Allegations suggesting “lack of predictability” or “lack of reasonable expectation of success”: It is the Examiner’s understanding that Applicant is alleging a lack of predictability or otherwise a lack of reasonable expectation of success (see, e.g., Reply filed 2/23/2026 at 4 at § “Rejections Under 35 U.S.C. § 103” to page 7 at 1st full ¶). This is not persuasive because the Applicant’s assertions do not reflect the proper legal standards for evaluating predictability. MPEP § 2143.02(II) explains that “[o]bviousness does not require absolute predictability”, but instead clarifies that only “at least some degree of predictability is required” (see, e.g., MPEP § 2143.02(II)). Here, the rejection explicitly addresses predictability and reasonable expectation of success, but Applicant fails to address the explicitly identified predicted and expected results set forth in the rejection. Here, the Examiner’s basis for “predictability” is merely based upon the presumption that the prior art is fully enabled (see, e.g., MPEP § 2121(I)) for all that it discloses (see, e.g., MPEP §§ 2123(I)-(II)). As explained at MPEP § 2143.02, predictability and reasonable expectation of success are satisfied when “all the claimed elements were known in the prior art and one skilled in the art could have combined the elements as claimed by known methods with no change in their respective functions, and the combination would have yielded nothing more than predictable results to one of ordinary skill in the art”. Here zero evidence of unexpected results commensurate in scope with the requirements of MPEP 716.02 have been set forth on record, all elements of the claimed invention were known in the prior art, one of ordinary skill was fully enabled to combined each component using routine methods in the biochemical arts per the guidance of the primary reference, and the elements would have merely performed their art-recognized, respective functions (see Rejection, above). Accordingly, such arguments are not persuasive.

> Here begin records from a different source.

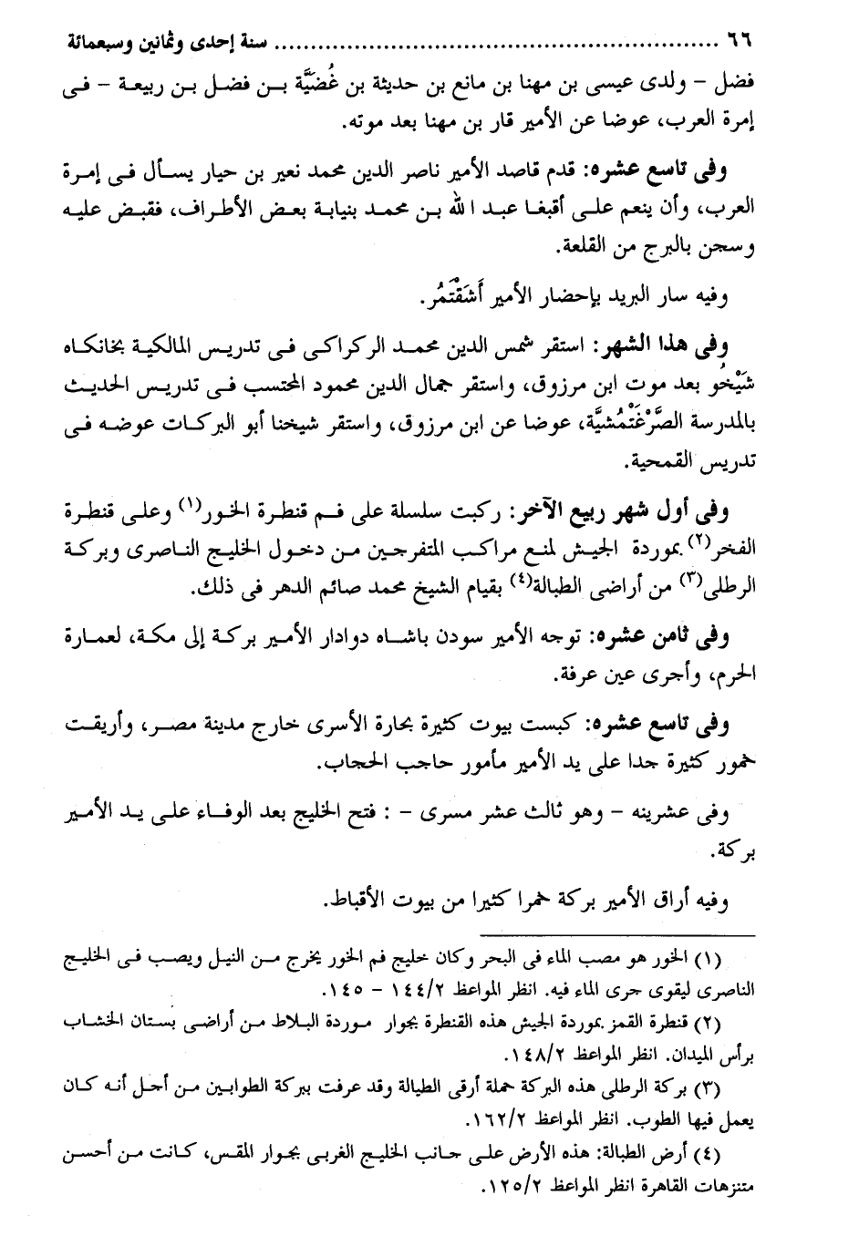فضل - وَلَدي عِيسَى بن مهنا بن مَانع بن حَدِيثَة بن غضية بن فضل بن ربيعَة - فِي إمرة الْعَرَب عوضا عَن الْأَمِير قار بن مهنا بعد مَوته. وَفِي تَاسِع عشره: قدم قَاصد الْأَمِير نَاصِر الدّين مُحَمَّد نعير بن حيار يسْأَل فِي إمرة الْعَرَب وَأَن ينعم على أقبغا عبد الله بن مُحَمَّد بنيابة بعض الْأَطْرَاف فَقبض عَلَيْهِ وسجن بالبرج من القلعة. وَفِيه سَار الْبَرِيد بإحضار الْأَمِير أَشَقتمُر. وَفِي هَذَا الشَّهْر: اسْتَقر شمس الدّين مُحَمَّد الركراكي فِي تدريس الْمَالِكِيَّة بخانكاه شَيْخو بعد موت ابْن مَرْزُوق وَاسْتقر جمال الدّين مَحْمُود الْمُحْتَسب فِي تدريس الحَدِيث بِالْمَدْرَسَةِ الصَّرْغَتْمُشية عوضا عَن ابْن مَرْزُوق وَاسْتقر شَيخنَا أَبُو البركات عوضه فِي تدريس القمحية. وَفِي أول شهر ربيع الآخر: ركبت سلسلة على فَم قنطرة الخور وعَلى قنطرة الْفَخر. بموردة الْجَيْش لمنع مراكب المتفرجين من دُخُول الخليج الناصري وبركة الرطلي من أَرَاضِي الطبالة بِقِيَام الشَّيْخ مُحَمَّد صَائِم الدَّهْر فِي ذَلِك. وَفِي ثامن عشره: توجه الْأَمِير سودن باشاه دوادار الْأَمِير بركَة إِلَى مَكَّة لعمارة الْحرم وأجرى عين عَرَفَة. وَفِي تَاسِع عشره: كبست بيُوت كَثِيرَة بحارة الأسرى خَارج مَدِينَة مصر وأريقت خمور كَثِيرَة جدا على يَد الْأَمِير مَأْمُور حَاجِب الْحجاب. وَفِي عشرينه - وَهُوَ ثَالِث عشر مسرى -: فتح الخليج بعد الْوَفَاء على يَد الْأَمِير بركَة. وَفِيه أراق الْأَمِير بركَة خمرًا كثيرا من بيُوت الأقباط.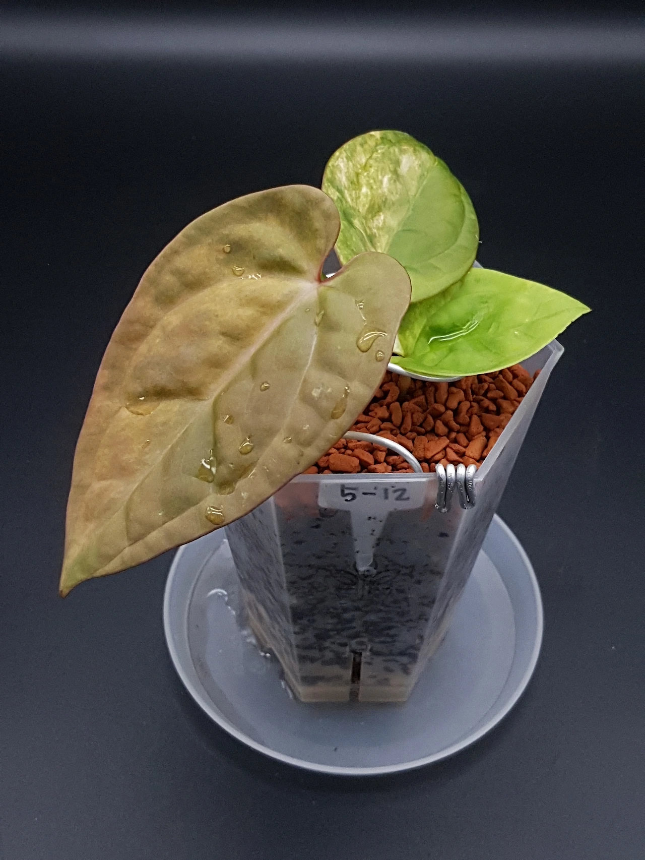 속이 비치는 투명한 화분에, 차가운 물을 머금고 있는 붉은 돌, 그 돌을 감싸 안고 있는 하얀 속살은 작은 식물임에도 강한 생명력이 느껴졌다.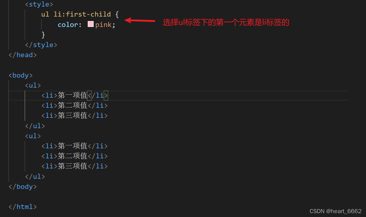 语法:子元素(选择器)+ :(分号)+first-child + {定义的样式(字体颜色,字体大小…)}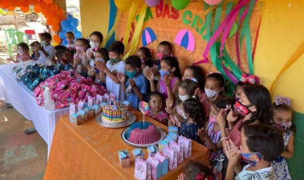 Cada criança recebeu um presente, brincou de pula-pula e deliciou um lanche que foi preparado com muito carinho.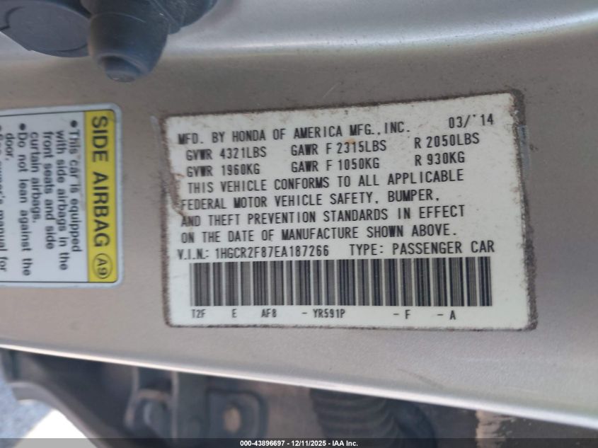 2014 HONDA ACCORD 2014 року Бензин, 2.4, Передній привід, vin - 1HGCR2F87EA187266 з США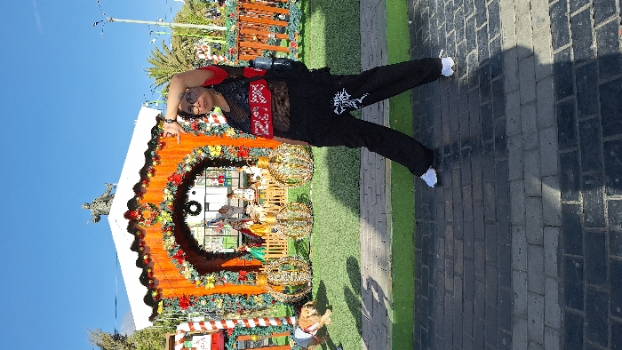 A person stands near a decorated Christmas display. The display is adorned with ornaments and lights, resembling a house. The person is wearing black pants, a black top with red accents, and white socks. They are holding one arm up. The ground is covered in green turf and brick paving. A statue is visible atop the display. The sky is blue.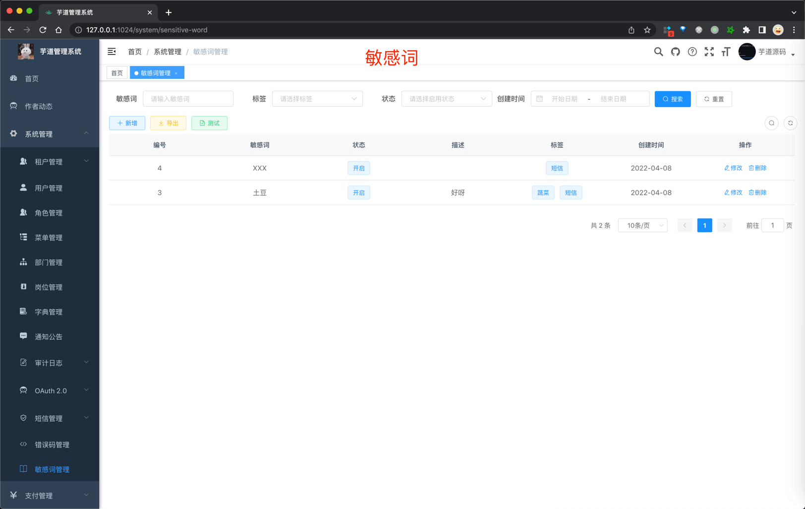 | 菜单管理 | 配置系统菜单、操作权限、按钮权限标识等,本地缓存提供性能 | |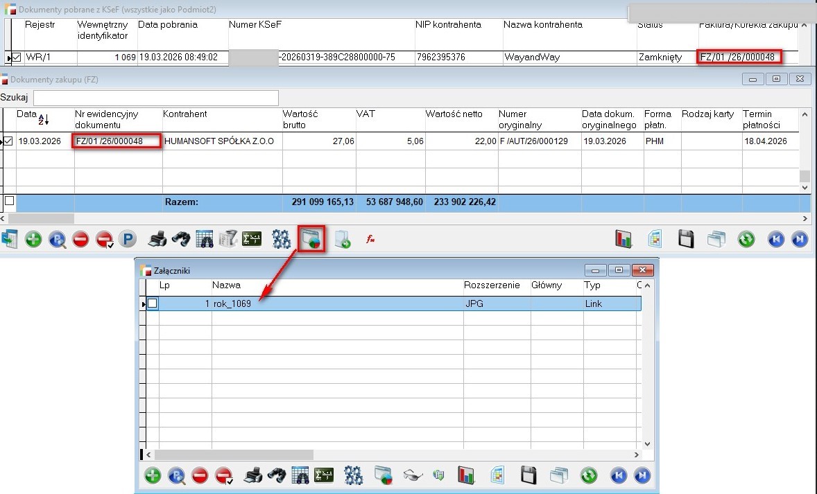 Poprawiono usterkę polegającą na niewłaściwym przypinaniu rejestru dokumentu Faktury zakupu FZ do pobranego dokumentu Wstępnej rejestracji zakupów WR. Sytuacja miała miejsce w przypadku zdefiniowania rejestru WR ze wskazaniem domyślnego rejestru FZ, jednak podczas pobierania faktur, podpowiadał się błędny rejestr faktur zakupu.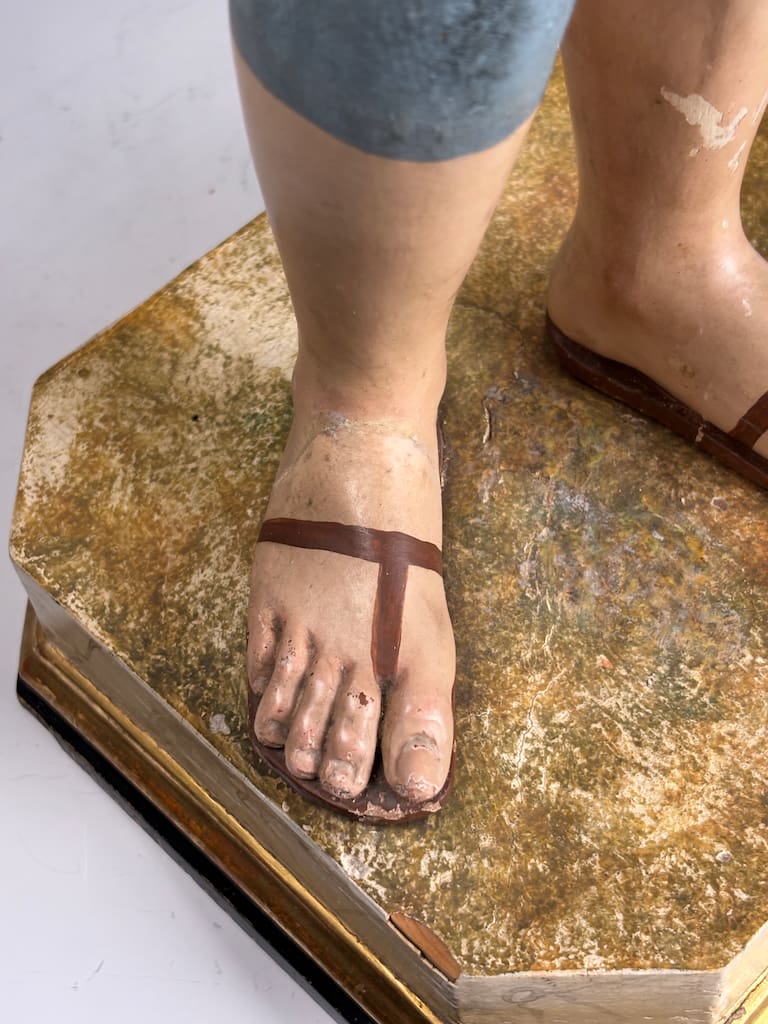 This mid-18th century Italian female Santos figure is in very good antique condition, showing age-appropriate wear consistent with its age and devotional use.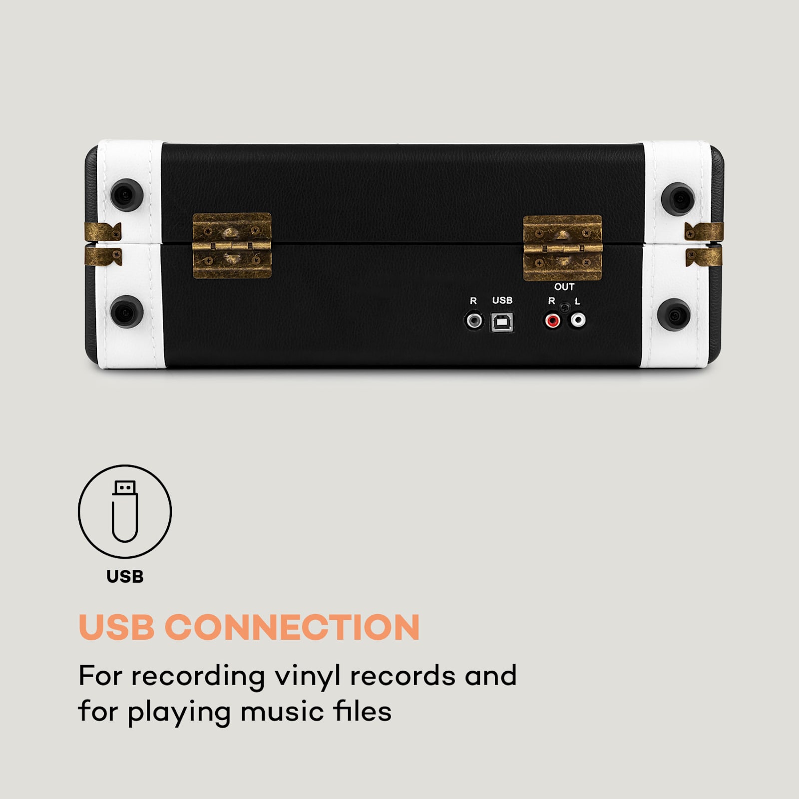 Gracias a su puerto USB trasero mediante el cualtransmite fácilmente la señal de LP al ordenador, y al mismo tiempo el tocadiscos Jerry Lee se reproduce con la corriente del mismo. Se suministra un cable USB y un adaptador adecuado para conectar a la alimentación de corriente.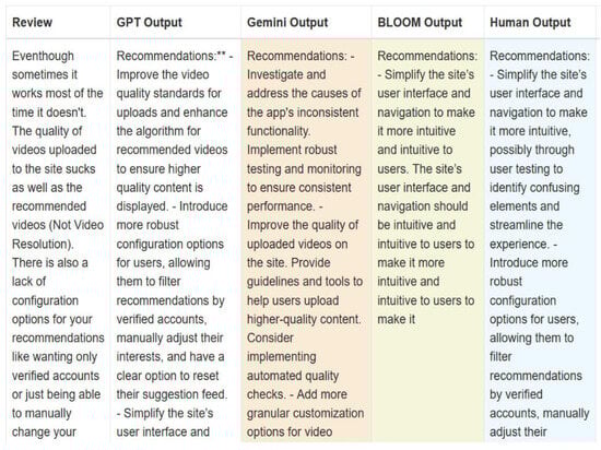 Figure 8 presents sample recommendations generated by the three fine-tuned LLMs (GPT, Gemini, and BLOOM) in response to a given negative user review, alongside the corresponding recommendation provided by a human expert to enhance usability.

Allegations of unexpected results: It is the Examiner’s understanding that Applicant repeatedly alleges the existence of unexpected results commensurate in scope with the requirements of MPEP §716, §716.01, and §716.02, wherein such results are sufficient to rebut prima facie obviousness (see, e.g., Reply filed 2/23/2026 at 4-5 at bulleted list, 5 at 2nd and final full ¶¶, 6 at 1st ¶ to 6 at final ¶, 7 at 1st partial ¶). However, to establish such unexpected results, the allegations must be timely and supported by objective evidence (see, e.g., 37 C.F.R. 1.132; see MPEP §§ 716.01, 716.01(a), 716.01(c)); to be of probative value the proffered evidence must be related to the claimed invention (see MPEP §§ 716.01(b), discussing nexus requirement and noting that "[w]here the offered secondary consideration actually results from something other than what is both claimed and novel in the claim, there is no nexus to the merits of the claimed invention"); the evidence must establish that the expected results occur to an unexpected extent (see, e.g., MPEP § 716.02(a)(I)), on the basis of statistically and practically significant evidence (see, e.g., MPEP § 716.02(b)(I)), which is fully explained (see, e.g., MPEP § 716.02(b)(II)), commensurate in scope with the claimed invention (see, e.g., MPEP § 716.02(d)), and wherein a comparison of the claimed invention with the closest prior art of record is provided (see, e.g., MPEP § 716.02(e)). Furthermore, even if evidence satisfying MPEP §§ 716.02, 716.02(a), 716.02(b), 716.02(d), and 716.02(e) is set forth on record, such evidence may not be sufficient to rebut prima facie obviousness because the evidence of expected and unexpected results must be weighed (see, e.g., MPEP § 716.02(c)(I)) and the totality of the record considered (see, e.g., MPEP §§ 716.01(d), 716.02(f)), including teachings in the prior art and evidence of expected results which weigh in favor of a determination of obviousness (see, e.g., MPEP § 716.02(c)(II)). In the instant case, the proffered data does not satisfy the requirements of MPEP § 716.02 as follows:
First, the proffered data show no variation in the amount of ZP1848 utilized, the amount of Histidine utilized, and no variation in the pharmaceutical salt of ZP1848 utilized (see, e.g., Spec. filed 3/25/2021 at Table 1 and 2). Therefore. even assuming arguendo that unexpected results exist, such results have not been shown to exist commensurate in scope with the pending claims (see, e.g., MPEP § 716.02(d)(I)), and no evidence of criticality of range has been established (see, e.g., MPEP § 716.02(d)(II)). In addition, Formulation 7 at Table 2 shows that pH values taught by the prior art under the claimed minimum of 6.0 still exhibit no precipitation, which suggests that the claimed pH range does not correspond to a critical range.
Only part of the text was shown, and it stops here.